PROBLEM: Please give back, exactly as written, the lines from the line with "Тренажёр задействует широчайшие" to the line with "2013年以后,玉林制药营业" in the listing below, leaving out all pictures.

PROVIDED DATA:
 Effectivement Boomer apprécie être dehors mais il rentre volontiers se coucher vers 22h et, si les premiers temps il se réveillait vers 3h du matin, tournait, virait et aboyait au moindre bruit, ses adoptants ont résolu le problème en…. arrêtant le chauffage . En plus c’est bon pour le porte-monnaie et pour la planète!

==

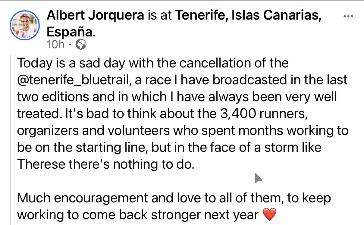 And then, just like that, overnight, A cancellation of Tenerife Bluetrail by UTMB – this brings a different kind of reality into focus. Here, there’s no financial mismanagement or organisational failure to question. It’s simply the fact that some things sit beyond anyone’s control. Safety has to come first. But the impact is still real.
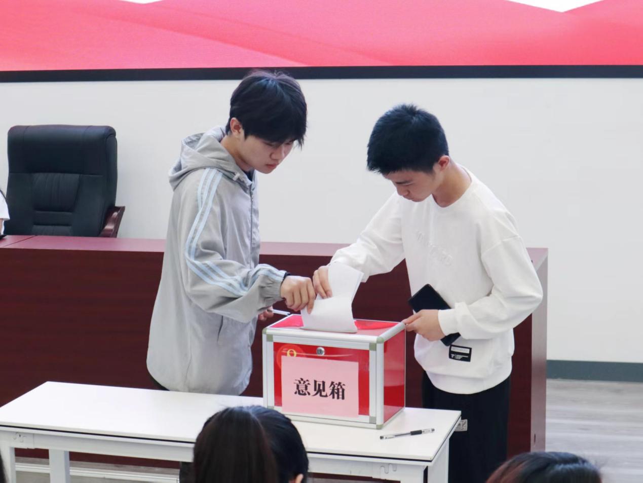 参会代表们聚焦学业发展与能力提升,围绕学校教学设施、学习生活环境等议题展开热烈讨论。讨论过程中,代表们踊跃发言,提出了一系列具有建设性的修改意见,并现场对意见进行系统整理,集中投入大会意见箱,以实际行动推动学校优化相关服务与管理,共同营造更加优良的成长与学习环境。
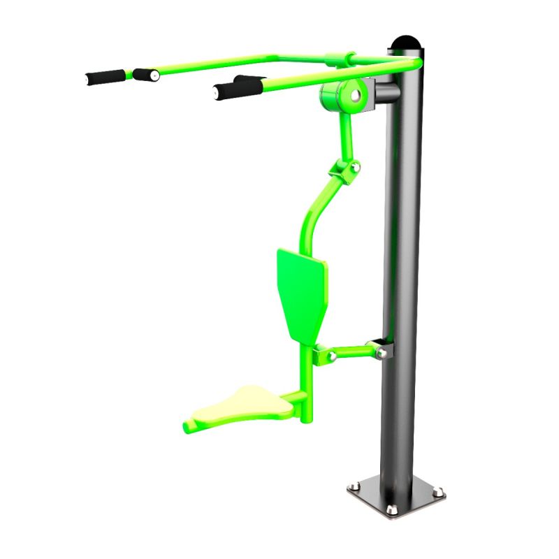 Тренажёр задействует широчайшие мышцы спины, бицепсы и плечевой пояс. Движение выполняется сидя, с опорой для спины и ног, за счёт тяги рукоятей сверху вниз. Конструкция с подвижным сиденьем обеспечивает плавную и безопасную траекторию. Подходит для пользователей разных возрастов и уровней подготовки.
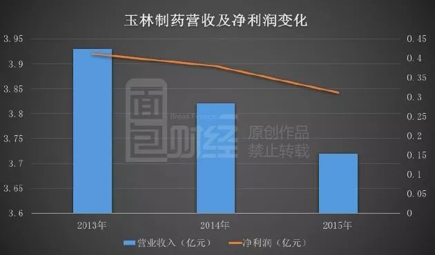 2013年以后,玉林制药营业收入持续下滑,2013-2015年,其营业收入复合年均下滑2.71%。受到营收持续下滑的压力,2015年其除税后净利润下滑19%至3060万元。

ANSWER SECTION:
 Тренажёр задействует широчайшие мышцы спины, бицепсы и плечевой пояс. Движение выполняется сидя, с опорой для спины и ног, за счёт тяги рукоятей сверху вниз. Конструкция с подвижным сиденьем обеспечивает плавную и безопасную траекторию. Подходит для пользователей разных возрастов и уровней подготовки.
 2013年以后,玉林制药营业收入持续下滑,2013-2015年,其营业收入复合年均下滑2.71%。受到营收持续下滑的压力,2015年其除税后净利润下滑19%至3060万元。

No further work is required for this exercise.